In short, the production and consumption of this call involves both the work of
documenting and document work. The work of documenting falls close to the definition of
the verb, to "document," describing the act of providing factual or substantive
support for statements made or hypotheses proposed; or to equip with exact references to
authoritative supporting information (Merriam-Webster Online Dictionary). At the same
time we engaged in document work involving the production, use, collection,
classification, storage, retrieving and dissemination of documents within and across
organizational settings.
A focus on documents is part of a larger trend in the academic literature. In
parallel to the dissemination of increasingly complex information systems in
organizational environments, there is an emerging literature studying document
work and the work of documenting within and across organizational boundaries.
These studies tend to oppose a purely information-based perspective propagating
the abstract meanings and immaterial data communicated via various information
systems. Instead this body of work largely draws on a pragmatic and
practice-oriented perspective theorizing the social practices going into the
manufacturing of documents through the manipulations of various material forms.
Topics of the Minitrack will address include (but are not limited to):
• Documents as part of organizational infrastructure
• Institutional ethnography
• Boundary documents
• Immutable mobiles and mutable mobiles
• Documents and accountability
• The evolution of genres of digital documents, including non-textual genres
• Investigations of genre in use
• Analysis of particular document genres, e.g. email, spam, and deception
• Combining document
• Document life cycles
• Documents and their materiality
• Documents in Web 2.0 applications (Blogs, Wikis, Open Source)
• Documents in Healthcare
• Documents in . . . . . .
MINITRACK CO-CHAIRS:
Kevin Crowston, Professor
Syracuse University
School of Information Studies
Hinds Hall 348
Syracuse, NY 13244–4100 USA
Email: address@hidden
Tel: +1 315 443-1676
Dept: +1 315 443-2911
Fax: +1 866 265-7407
Carsten Østerlund, Assistant Professor
Syracuse University
School of Information Studies
Hinds Hall 309
Syracuse, NY 13244–4100 USA
Email: address@hidden
Tel: +1 315 443-8773
Dept: +1 315 443-2911
Fax: +1 315 443-5806
IMPORTANT DEADLINES
From now to June 1: If you wish, you may prepare an abstract and contact the
minitrack chairs for guidance and indication of appropriate content.

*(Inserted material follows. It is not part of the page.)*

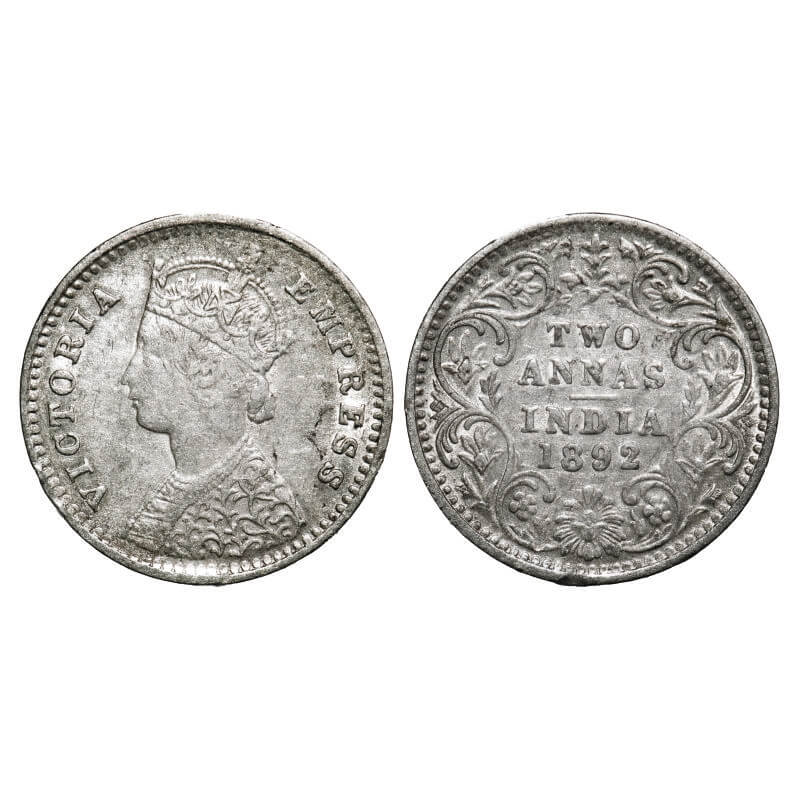 Victoria Empress, Silver, 2 Annas, 1892, Bombay Mint, B/II, 'B' incused. F. Prid 547. GK 796. About...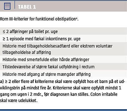 Hos over 90% af børn med kronisk obstipation finder man ikke nogen organisk årsag [4, 5], hvorfor tilstanden klassificeres som funktionel. Både i Danmark og internationalt anvendes de symptombaserede Rom III-kriterier til klassifikation af kronisk funktionel obstipation og andre funktionelle tarmsygdomme [6, 7] (Tabel 1). Den hyppigste årsag til udvikling af obstipation hos børn er withholding (tilbageholdelse af afføring) oftest pga. oplevelsen af smertefuld defækation. Undertrykkelse af tømningsrefleksen fører til yderligere obstipation, som udvikler sig til kronisk obstipation [5]. Komplikationer hertil er analfissurer og fækal inkontinens, som igen er med til at forværre tilstanden. Forlænget tarmpassagetid, abnorm defækationsdynamik, nedsat rektal sensibilitet og øget rektal kapacitet menes at bidrage til udvikling af obstipation. I denne artikel vil vi belyse behandlingen af kronisk funktionel obstipation hos børn med udgangspunkt i det nyligt publicerede Cochranereview [8].

June 15: Authors submit full papers by this date, following the Author
Instructions. Please consult the HICSS main website for complete information
http://www.hicss.hawaii.edu All papers will be submitted in double column
publication format and limited to 10 pages including diagrams and references.
HICSS papers undergo a double-blind review (June15 - August15).
August 15: Acceptance notices are sent to Authors. At this time, at least one
author of an accepted paper should begin visa, fiscal and travel arrangements
to attend the conference to present the paper.
September 15: Authors submit Final Version of papers following submission
instructions posted on the HICSS web site. At least one author of each paper
must register by this date with specific plans to attend the conference.
October 2: Papers without at least one registered author will be pulled from
the publication process; authors will be notified.